#### EXERCISE MATERIALS:

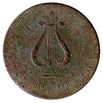 Впервые изображение на плоских медных пуговицах мундиров чиновников Академии художеств появляется в 1800-м году. Это был рисунок «лиры Аполлоновой «в сиянии («в лучах»).
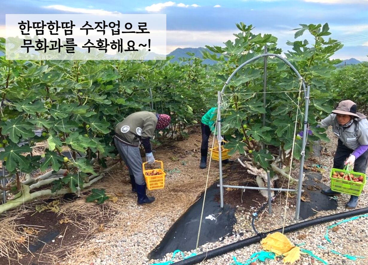 농부님들이 무화과나무 1수 1수를 지나면서 상품성이 좋은 무화과만 골라골라 수확을 하고 계신답니다.
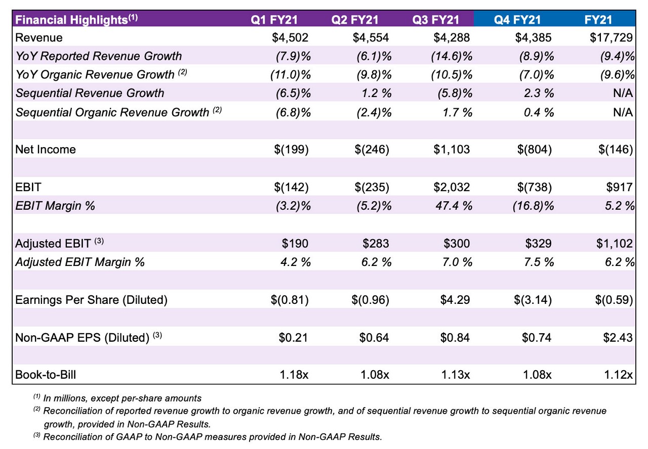 • Bookings of $4.7 billion and book-to-bill ratio of 1.08x in Q4 FY21
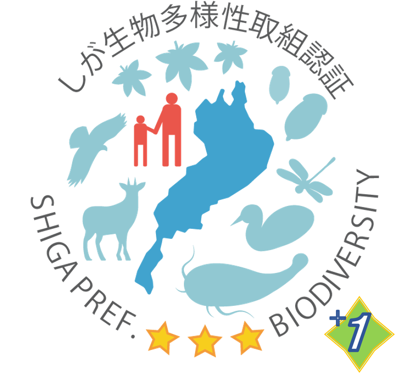 「しが生物多様性取組認証制度」とは、滋賀県における生物多様性の保全と自然資源の持続的な利活用に取り組む事業者に対して認証される制度です。この度、当社の生物多様性への取り組みが評価され、「3つ星+1」を取得しました。
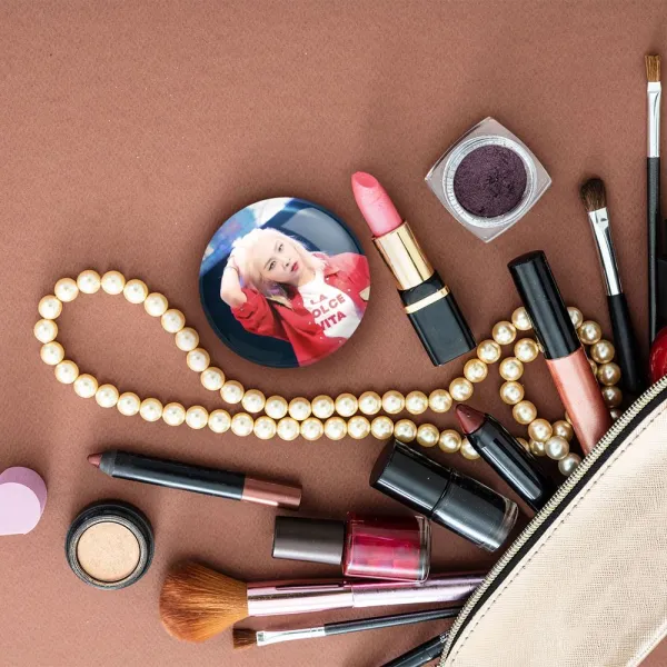 آینه های جیبی جیوو گروه کارد KARD خندالو دایره ای به قطر 7.5 سانتی متر می باشد که نه خیلی بزرگ و غیر قابل استفاده در کیف آرایشی ست و نه خیلی کوچک که تصویر خاصی در آن مشاهده نشود. سایزی استاندارد و کارآمد دارد و مناسب قرار گیری در کیف لوازم آرایش و کیف های کوچک دستی نیز هست.
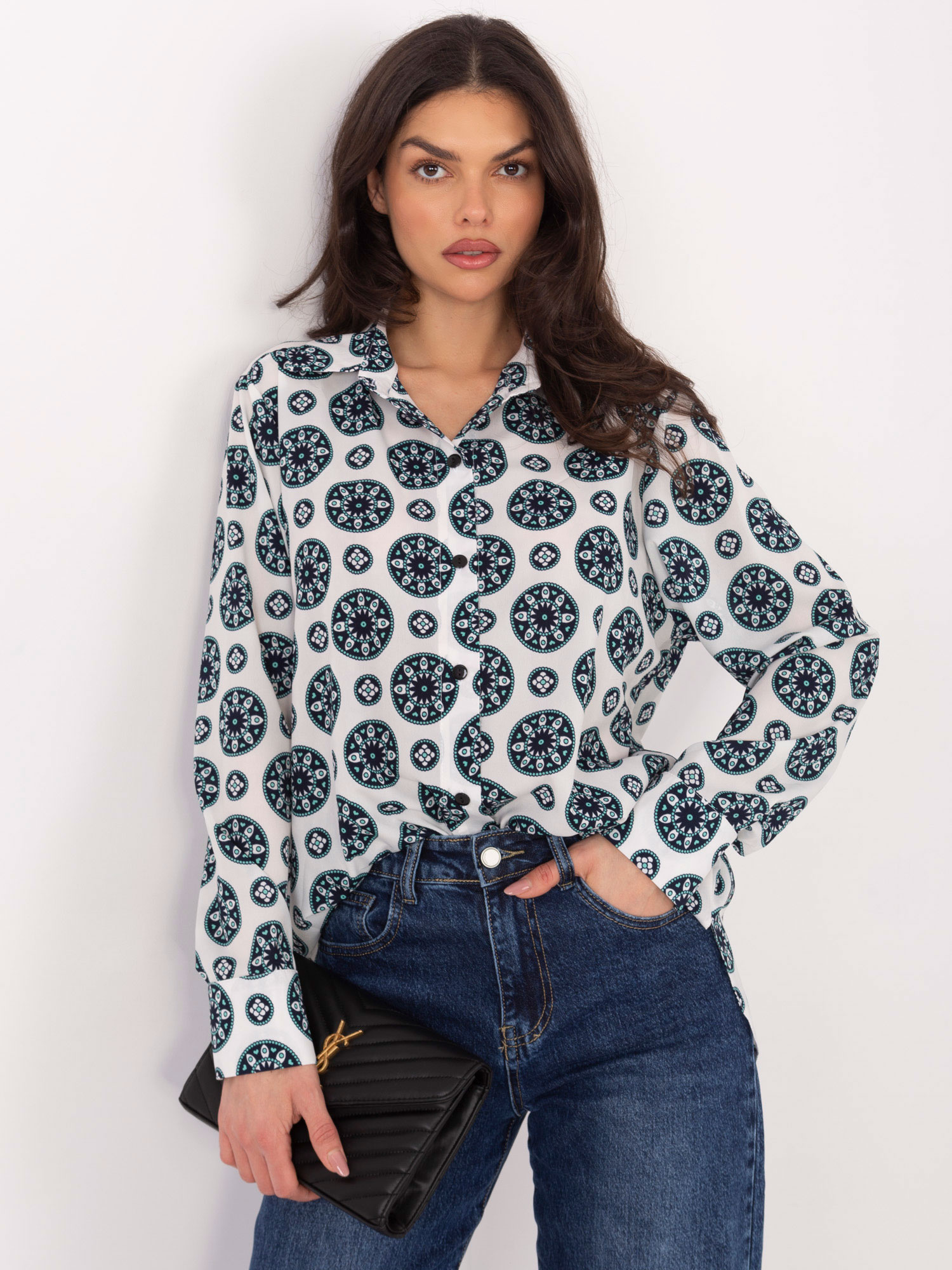 A LAKERTA klasszikus kialakítású, elegáns ingje könnyed viselet a mindennapokhoz és a munkahelyi megjelenéshez. A lágy esésű, rugalmas poliészter–elasztán anyag kényelmes, szépen követi a test vonalát, a hosszított hátrész pedig előnyös, nőies sziluettet ad. A gallér és a gombolás visszafogott eleganciát kölcsönöz, míg a finom mintázat különlegessé teszi a darabot.
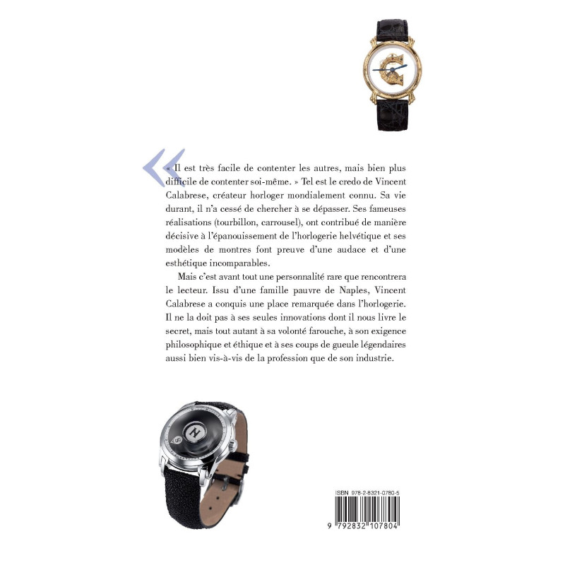 Mais c’est avant tout une personnalité rare que rencontrera le lecteur. Issu d’une famille pauvre de Naples, Vincent Calabrese a conquis une place remarquée dans l’horlogerie. Il ne la doit pas à ses seules innovations dont il nous livre le secret, mais tout autant à sa volonté farouche, à son exigence philosophique et éthique et à ses coups de gueule légendaires aussi bien vis-à-vis de la profession que de son industrie.
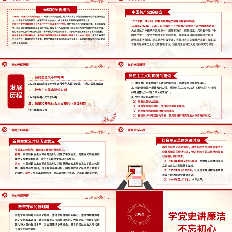 中國(guó)共產(chǎn)黨歷史是中國(guó)共產(chǎn)黨從1921年7月1日成立以來(lái)整個(gè)發(fā)展過(guò)程的全部歷史。主要包括中國(guó)共產(chǎn)黨歷次代表大會(huì)的情況、黨章的不斷完善過(guò)程、黨在各個(gè)不同時(shí)期的組織建設(shè)和發(fā)展?fàn)顩r、黨領(lǐng)導(dǎo)全國(guó)各族人民進(jìn)行革命和建設(shè)的發(fā)展歷程和全部史實(shí)的記載。前 言LOGO
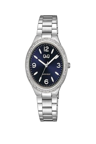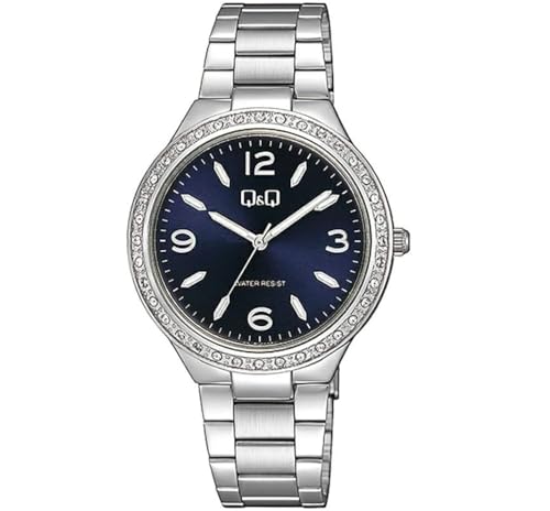 Q&Q WATCHES - ساعة انالوج بحركة كوارتز وسوار ستانلس ستيل للنساء من كيو اند لون فضي موديل Q34B-003PY
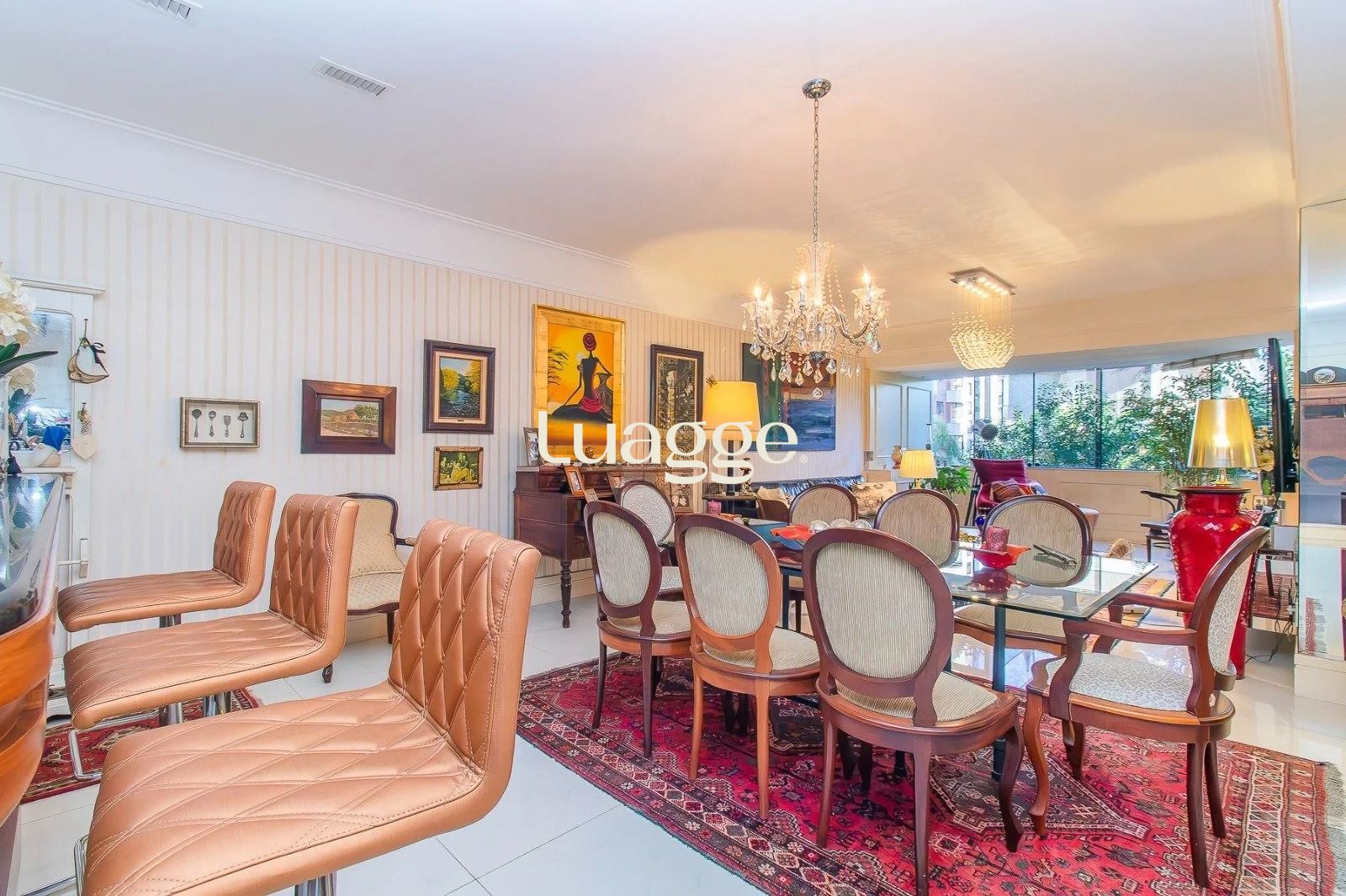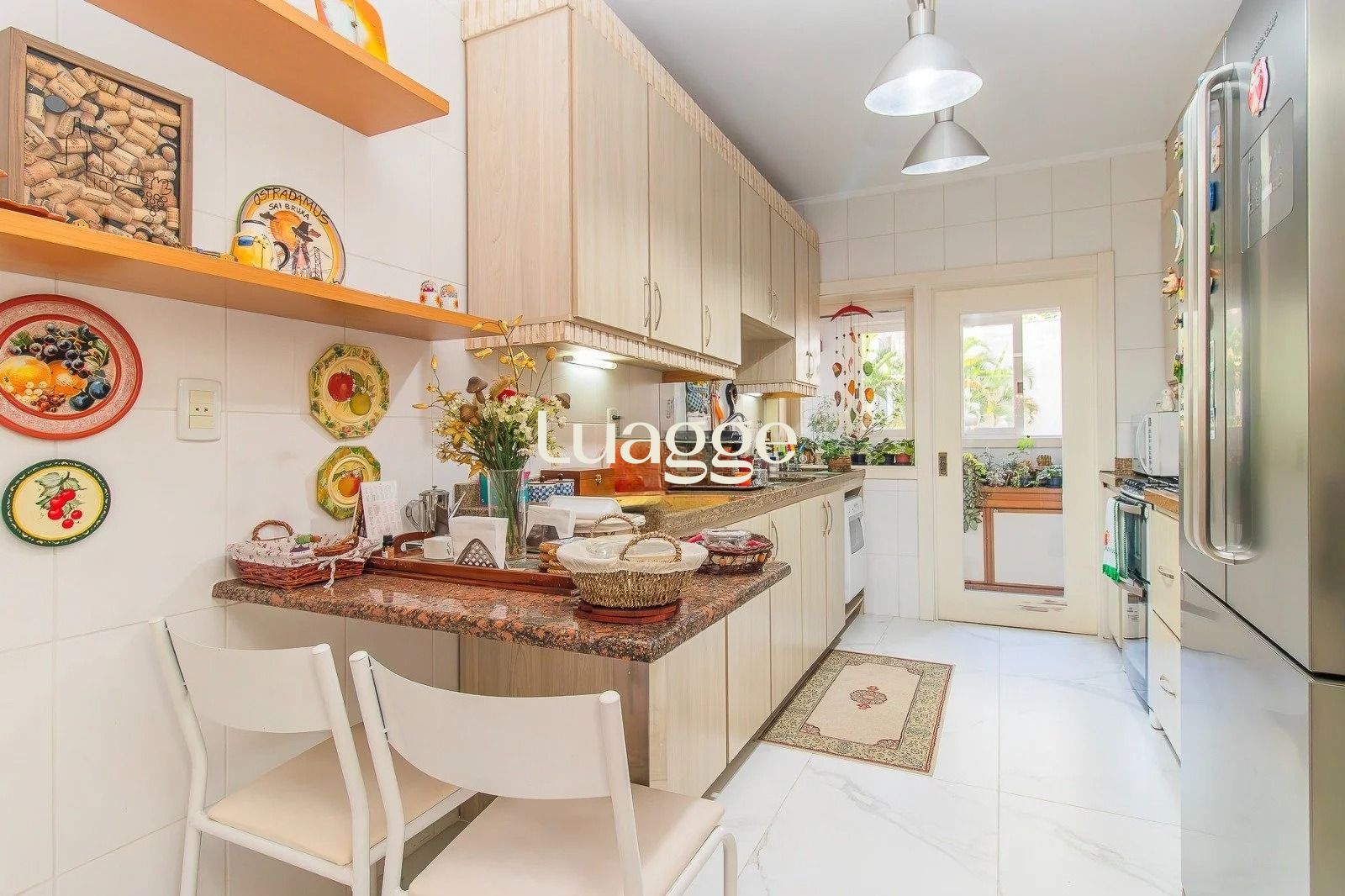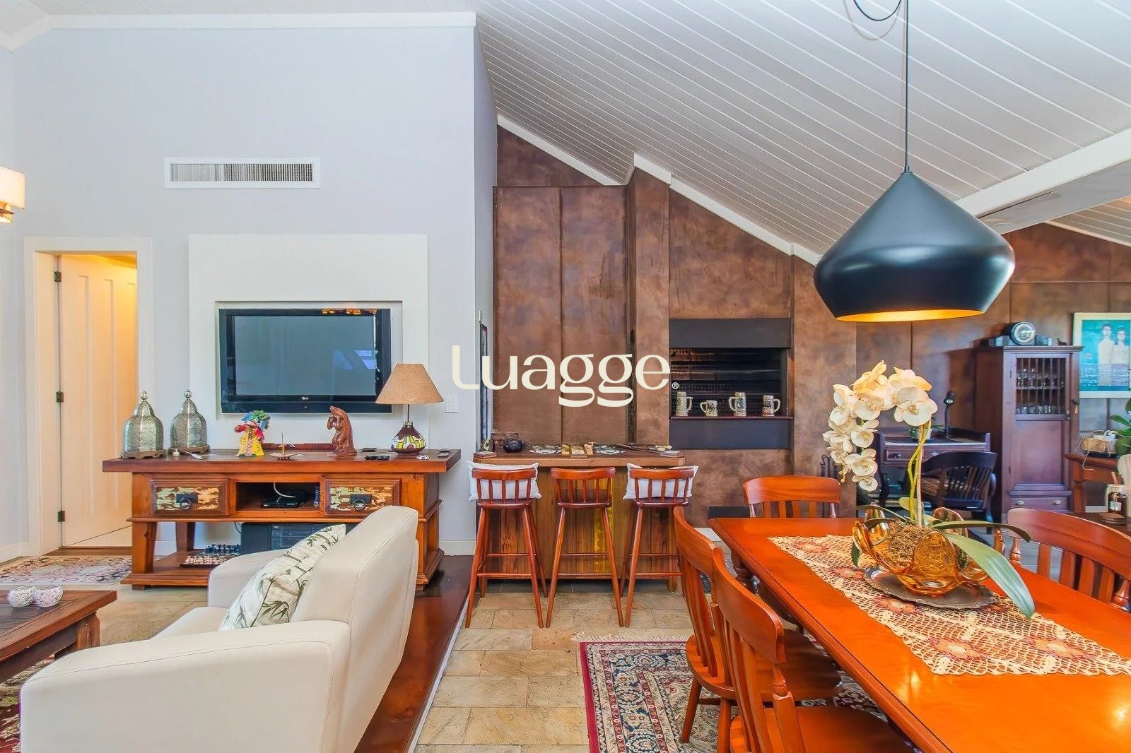 No andar inferior: 4 dormitórios, sendo 1 suíte master com closet. Banheiro social, sala de estar e jantar integradas, com janelas amplas que garantem excelente iluminação natural e ventilação cruzada. Cozinha funcional, com área de serviço separada e banheiro adicional. Adega para armazenar seus vinhos com elegância. 3 vagas de garagem cobertas, oferecendo praticidade e segurança.

#### EXERCISE:
I'd like the data above duplicated exactly, with no pictures included.

#### TASK ANSWER:
 Впервые изображение на плоских медных пуговицах мундиров чиновников Академии художеств появляется в 1800-м году. Это был рисунок «лиры Аполлоновой «в сиянии («в лучах»).
 농부님들이 무화과나무 1수 1수를 지나면서 상품성이 좋은 무화과만 골라골라 수확을 하고 계신답니다.
 • Bookings of $4.7 billion and book-to-bill ratio of 1.08x in Q4 FY21
 「しが生物多様性取組認証制度」とは、滋賀県における生物多様性の保全と自然資源の持続的な利活用に取り組む事業者に対して認証される制度です。この度、当社の生物多様性への取り組みが評価され、「3つ星+1」を取得しました。
 آینه های جیبی جیوو گروه کارد KARD خندالو دایره ای به قطر 7.5 سانتی متر می باشد که نه خیلی بزرگ و غیر قابل استفاده در کیف آرایشی ست و نه خیلی کوچک که تصویر خاصی در آن مشاهده نشود. سایزی استاندارد و کارآمد دارد و مناسب قرار گیری در کیف لوازم آرایش و کیف های کوچک دستی نیز هست.
 A LAKERTA klasszikus kialakítású, elegáns ingje könnyed viselet a mindennapokhoz és a munkahelyi megjelenéshez. A lágy esésű, rugalmas poliészter–elasztán anyag kényelmes, szépen követi a test vonalát, a hosszított hátrész pedig előnyös, nőies sziluettet ad. A gallér és a gombolás visszafogott eleganciát kölcsönöz, míg a finom mintázat különlegessé teszi a darabot.
 Mais c’est avant tout une personnalité rare que rencontrera le lecteur. Issu d’une famille pauvre de Naples, Vincent Calabrese a conquis une place remarquée dans l’horlogerie. Il ne la doit pas à ses seules innovations dont il nous livre le secret, mais tout autant à sa volonté farouche, à son exigence philosophique et éthique et à ses coups de gueule légendaires aussi bien vis-à-vis de la profession que de son industrie.
 中國(guó)共產(chǎn)黨歷史是中國(guó)共產(chǎn)黨從1921年7月1日成立以來(lái)整個(gè)發(fā)展過(guò)程的全部歷史。主要包括中國(guó)共產(chǎn)黨歷次代表大會(huì)的情況、黨章的不斷完善過(guò)程、黨在各個(gè)不同時(shí)期的組織建設(shè)和發(fā)展?fàn)顩r、黨領(lǐng)導(dǎo)全國(guó)各族人民進(jìn)行革命和建設(shè)的發(fā)展歷程和全部史實(shí)的記載。前 言LOGO
 Q&Q WATCHES - ساعة انالوج بحركة كوارتز وسوار ستانلس ستيل للنساء من كيو اند لون فضي موديل Q34B-003PY
 No andar inferior: 4 dormitórios, sendo 1 suíte master com closet. Banheiro social, sala de estar e jantar integradas, com janelas amplas que garantem excelente iluminação natural e ventilação cruzada. Cozinha funcional, com área de serviço separada e banheiro adicional. Adega para armazenar seus vinhos com elegância. 3 vagas de garagem cobertas, oferecendo praticidade e segurança.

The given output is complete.